Sheibani-Tezerji, Raheleh et al. (12-May-2015). The genomes of closely related Pantoea ananatis maize seed endophytes having different effects on the host plant differ in secretion system genes and mobile genetic elements, investigated three closely related strains of Pantoea ananatis (Hamadas S6, S7 and S8), which were isolated from the seeds of corn from healthy plants. Plant inoculation experiments revealed that each of these strains exhibited a different phenotype ranging from a weak pathogen (S7), commensal (S8), to beneficial and growth promoting (S6) in maize. They performed a comparative genomic analysis to find genetic determinants responsible for the observed differences. Recent studies provided exciting insight into the genetic drivers of niche adaptation and functional diversification in the genus Pantoea. However, they report here for the first time on the analysis of P. ananatis strains that colonize the same ecological niche but display different interaction strategies with the host plant. Said comparative analysis revealed that the genomes of these three strains are very similar; but genomic differences could be observed in genes encoding protein secretion systems and could have observed putative effectors and transposase/integrases/phage-related genes. As can be seen, said publication only describes the analysis of three strains of Pantoea annanatis which, although they are endophytic bacteria and were isolated from corn seed, but does not disclose or anticipate an application or use of said strains.

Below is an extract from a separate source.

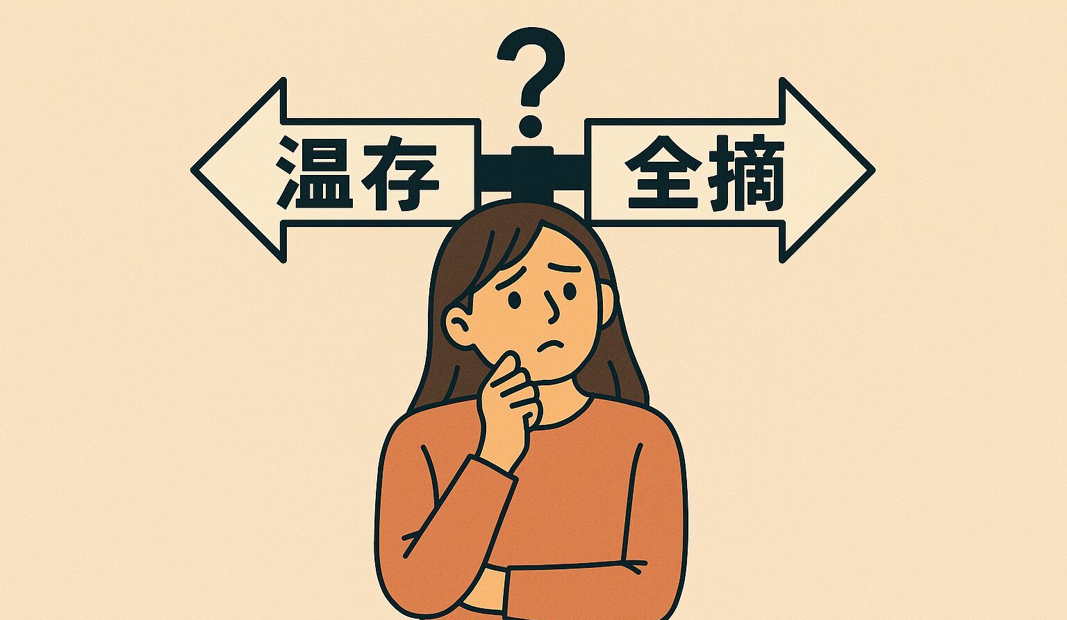 ここから先は、実際に手術を受けた後に考えたことです。もしも再建まで視野に入れる程度に乳房が気に入っているなら、無理なく温存できる大きさ、範囲だと説明を受けたなら、温存手術を個人的にお勧めします。結局は遠隔の転移にはどちらも差はなく、局所の再発率の違いでしかないようです。私のように、非浸潤癌と予測されて、温存できるけど全摘と迷う方は、温存がお勧めです。乳房は必要ないという方はスッキリ全摘が不安がないかもしれませんが、後から再建を考える方なら、温存できる場合は温存した方が良いと思います。もちろん、場所が悪くて温存手術の適応がないなら仕方ありません。全摘の経験がないのに恐縮ですが、とってしまうと元に戻せない、ということと、上手な先生の温存手術は本当に綺麗で、言われないと手術したことがそんなにわからないくらいでした。

Su-Mam K. et al. (September 2012). Growth Promotion of Pepper Plants by Pantoea ananatis B1-9 and its Efficient Endophytic Colonization Capacity in Plant Tissues, describe a Pantoea ananatis B1-9 bacterium that was isolated from the rhizosphere of green onion, which could promote the growth of pepper plants. bell pepper, cucumber, tomato and melon. In particular, pepper yield after B1-9 treatment in seedlings increased about 3-fold higher than that of control plants in a field experiment. Pathogenicity tests showed that they are not pathogenic in kimchi cabbage, carrot and onion. The functional characterization study demonstrated the ability of B1-9 to function in phosphate solubilization, sulfur oxidation, nitrogen fixation, and indole-3-acetic acid production. To track the colonization patterns of B1-9 in pepper plant tissues, they used the fluorescent dye DRAQ5™, which stains the DNA of bacteria and plant cells. A large number of B1-9 bacteria were found on root and stem surfaces as well as in guard cells. In addition, several colonized B1-9 bacteria resided in inner cortical plant cells. Treatment of rhizosphere regions with strain B1-9 can result in efficient plant colonization and promote plant growth. from seedling to mature plant stage. In summary, the B1-9 strain can be successfully applied in pepper plantations due to its high colonization capacity in plant tissues, as well as its properties that promote efficient plant growth. As you can see, this article describes the use of a bacterial strain of Pantoea annanatis isolated from the rhizosphere of onion plants to promote the growth of pepper plants.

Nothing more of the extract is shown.